I'm building a simple web-based RSS reader in Python, but I'm having trouble parsing the XML. I started out by trying some stuff in the Python command line.
>>> from xml.dom import minidom
>>> import urllib2
>>> url ='http://www.digg.com/rss/index.xml'
>>> xmldoc = minidom.parse(urllib2.urlopen(url))
>>> channelnode = xmldoc.getElementsByTagName("channel")
>>> channelnode = xmldoc.getElementsByTagName("channel")
>>> titlenode = channelnode[0].getElementsByTagName("title")
>>> print titlenode[0]
<DOM Element: title at 0xb37440>
>>> print titlenode[0].nodeValue
I played around with this for a while, but the nodeValue
of everything seems to be None
. Yet if you look at the XML, there definitely are values there. What am I doing wrong?

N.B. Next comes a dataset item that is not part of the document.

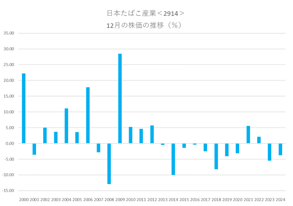 JT株が12月にどのような値動きをする傾向があるのか分析します。2000年から2024年までの25年間のデータを集計した結果、興味深い傾向が見えてきました。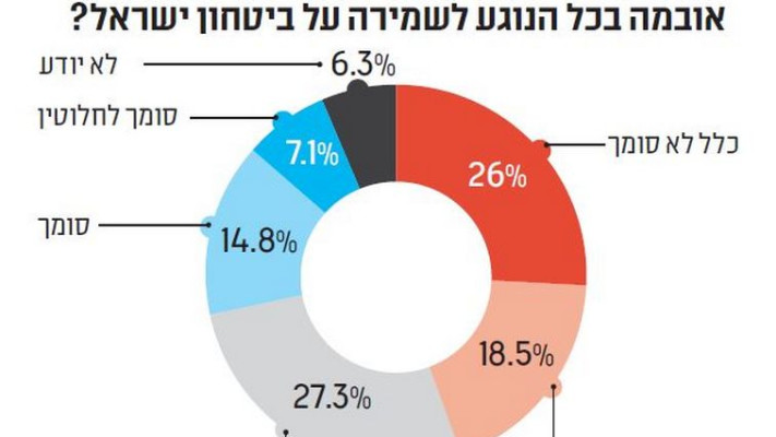 ראש הממשלה אכן התייחס אתמול פומבית לשיחות הגרעין, כשנאם בטקס סיום קורס טיס בחצרים. ״ככלל שמתקרב המועד שנקבע בין המעצמות לאיראן להשגת היעדים, הולכים וגדלים הוויתורים לאיראן״, אמר נתניהו והוסיף, ״ההסכם הזה פגום מיסודו, הוא מותיר בידי איראן נתיב להשגת ארסנל של פצצות גרעין תוך עשור. עדיף שום הסכם מהסכם רע. ובכל מקרה, יהיה אשר יהיה, ישראל לעולם תגן על עצמה, ובזה - חלקו של חיל האוויר רב״. הסקר מלמד עוד כי המתח וחוסר האמון בין ישראל לארה״ב אינו מסתכם ביחסים בין מנהיגי המדינות, והוא מחלחל גם לציבור הרחב. רק כחמישית מן הנשאלים (22%) ציינו כי הם סומכים על ממשל אובמה בכל הנוגע לשמירה על ביטחון ישראל. כ־45% אמרו כי הם ״לא סומכים״ או ״לא סומכים כלל״ על האמריקאים.

For RSS feeds you should try the Universal Feed Parser library. It simplifies the handling of RSS feeds immensly.
import feedparser
d = feedparser.parse('http://www.digg.com/rss/index.xml')
title = d.channel.title
This is the syntax you are looking for:
>>> print titlenode[0].firstChild.nodeValue
digg.com: Stories / Popular
Note that the node value is a logical descendant of the node itself.